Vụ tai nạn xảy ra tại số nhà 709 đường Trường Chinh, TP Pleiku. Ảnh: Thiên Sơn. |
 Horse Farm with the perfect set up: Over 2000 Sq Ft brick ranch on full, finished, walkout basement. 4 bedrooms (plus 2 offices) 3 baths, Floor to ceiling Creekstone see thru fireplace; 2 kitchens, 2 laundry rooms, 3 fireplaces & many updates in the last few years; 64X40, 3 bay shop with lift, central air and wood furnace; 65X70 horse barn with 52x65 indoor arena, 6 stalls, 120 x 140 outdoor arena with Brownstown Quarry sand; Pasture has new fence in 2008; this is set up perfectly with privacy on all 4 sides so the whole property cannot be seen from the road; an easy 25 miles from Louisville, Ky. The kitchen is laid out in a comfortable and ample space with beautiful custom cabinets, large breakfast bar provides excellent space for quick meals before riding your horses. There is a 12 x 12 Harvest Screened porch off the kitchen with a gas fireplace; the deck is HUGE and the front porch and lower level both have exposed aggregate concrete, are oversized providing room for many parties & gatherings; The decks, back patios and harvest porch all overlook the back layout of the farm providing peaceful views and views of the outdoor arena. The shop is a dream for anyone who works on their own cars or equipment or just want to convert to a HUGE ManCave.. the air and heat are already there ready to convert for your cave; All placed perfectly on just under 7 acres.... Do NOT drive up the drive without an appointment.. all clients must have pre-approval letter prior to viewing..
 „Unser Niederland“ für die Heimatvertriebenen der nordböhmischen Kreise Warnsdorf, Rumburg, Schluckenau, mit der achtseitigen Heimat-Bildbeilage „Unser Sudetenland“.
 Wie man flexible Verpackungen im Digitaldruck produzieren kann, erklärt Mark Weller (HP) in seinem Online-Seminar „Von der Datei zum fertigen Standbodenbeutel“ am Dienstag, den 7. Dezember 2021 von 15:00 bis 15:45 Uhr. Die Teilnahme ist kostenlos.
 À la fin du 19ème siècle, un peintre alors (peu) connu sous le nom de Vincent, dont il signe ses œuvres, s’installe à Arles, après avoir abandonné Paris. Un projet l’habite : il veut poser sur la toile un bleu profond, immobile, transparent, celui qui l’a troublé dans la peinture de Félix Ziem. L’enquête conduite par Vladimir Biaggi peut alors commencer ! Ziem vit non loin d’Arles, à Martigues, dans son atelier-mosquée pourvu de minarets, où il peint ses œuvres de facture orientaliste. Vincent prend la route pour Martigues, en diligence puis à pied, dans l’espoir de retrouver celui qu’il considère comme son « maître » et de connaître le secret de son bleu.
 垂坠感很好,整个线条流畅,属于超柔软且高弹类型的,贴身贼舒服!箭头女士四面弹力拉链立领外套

------------------------------

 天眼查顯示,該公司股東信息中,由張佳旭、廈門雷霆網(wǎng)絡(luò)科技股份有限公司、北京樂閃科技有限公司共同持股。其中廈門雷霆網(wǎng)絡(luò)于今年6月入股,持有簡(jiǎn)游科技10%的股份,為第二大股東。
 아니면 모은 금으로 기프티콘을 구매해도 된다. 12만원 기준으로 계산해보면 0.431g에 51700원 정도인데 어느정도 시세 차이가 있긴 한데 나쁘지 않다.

------------------------------

In the entries above, please find the line with "Vụ tai nạn xảy" and the line with "Wie man flexible", then write out exactly those two lines and every line between them, and nothing more.

■ Exercise solution
Vụ tai nạn xảy ra tại số nhà 709 đường Trường Chinh, TP Pleiku. Ảnh: Thiên Sơn. |
 Horse Farm with the perfect set up: Over 2000 Sq Ft brick ranch on full, finished, walkout basement. 4 bedrooms (plus 2 offices) 3 baths, Floor to ceiling Creekstone see thru fireplace; 2 kitchens, 2 laundry rooms, 3 fireplaces & many updates in the last few years; 64X40, 3 bay shop with lift, central air and wood furnace; 65X70 horse barn with 52x65 indoor arena, 6 stalls, 120 x 140 outdoor arena with Brownstown Quarry sand; Pasture has new fence in 2008; this is set up perfectly with privacy on all 4 sides so the whole property cannot be seen from the road; an easy 25 miles from Louisville, Ky. The kitchen is laid out in a comfortable and ample space with beautiful custom cabinets, large breakfast bar provides excellent space for quick meals before riding your horses. There is a 12 x 12 Harvest Screened porch off the kitchen with a gas fireplace; the deck is HUGE and the front porch and lower level both have exposed aggregate concrete, are oversized providing room for many parties & gatherings; The decks, back patios and harvest porch all overlook the back layout of the farm providing peaceful views and views of the outdoor arena. The shop is a dream for anyone who works on their own cars or equipment or just want to convert to a HUGE ManCave.. the air and heat are already there ready to convert for your cave; All placed perfectly on just under 7 acres.... Do NOT drive up the drive without an appointment.. all clients must have pre-approval letter prior to viewing..
 „Unser Niederland“ für die Heimatvertriebenen der nordböhmischen Kreise Warnsdorf, Rumburg, Schluckenau, mit der achtseitigen Heimat-Bildbeilage „Unser Sudetenland“.
 Wie man flexible Verpackungen im Digitaldruck produzieren kann, erklärt Mark Weller (HP) in seinem Online-Seminar „Von der Datei zum fertigen Standbodenbeutel“ am Dienstag, den 7. Dezember 2021 von 15:00 bis 15:45 Uhr. Die Teilnahme ist kostenlos.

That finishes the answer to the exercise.